The underlying conceptual problem is that the taxes-spending distinction even if reformulated is vacuous. So TE analysis uses and reformats a distinction that in the best of all possible worlds would instead be discarded. But a more satisfying distinction lies between distributional and allocative policies - the former aim at who ends up with what, the latter at level and allocation of investment, etc. In the context of a distributionally rationalized income tax, TE analysis can help avoid confusion between what one might call "synthetic spending" that is formally packaged as if distributional - e.g., a "tax cut" - but that is economically equivalent to a direct outlay (and equally needs to be financed).

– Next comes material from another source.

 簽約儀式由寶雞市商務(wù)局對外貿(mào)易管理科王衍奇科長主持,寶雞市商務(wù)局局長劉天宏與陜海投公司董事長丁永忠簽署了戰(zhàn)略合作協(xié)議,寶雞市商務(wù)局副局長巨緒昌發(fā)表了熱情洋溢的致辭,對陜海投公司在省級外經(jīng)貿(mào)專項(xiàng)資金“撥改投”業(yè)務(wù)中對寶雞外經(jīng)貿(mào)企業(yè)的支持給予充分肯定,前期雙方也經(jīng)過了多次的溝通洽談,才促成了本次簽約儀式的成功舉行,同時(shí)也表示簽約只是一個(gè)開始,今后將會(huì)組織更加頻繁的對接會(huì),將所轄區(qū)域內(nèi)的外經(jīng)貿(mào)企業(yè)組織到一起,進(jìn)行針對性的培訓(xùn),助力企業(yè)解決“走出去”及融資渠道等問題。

The real contribution that TE analysis can make is to address this confusion and defang it a bit.

I'm hoping that the Joint Committee will adopt changes that move in this direction, making TE analysis both more useful and less controversial.

A Nobel Prize in Economics for Mitt Romney?

Contrary to previously prevailing economic theory, it turns out that Detroit's auto industry can be restored to its 1950s status so long as we (1) replace Washington-style pessimism with optimism, (2) have a President who "fights for every job" (I hope Mitt still gets enough sleep - and who exactly does he fight?), and (3) eliminate fuel efficiency standards.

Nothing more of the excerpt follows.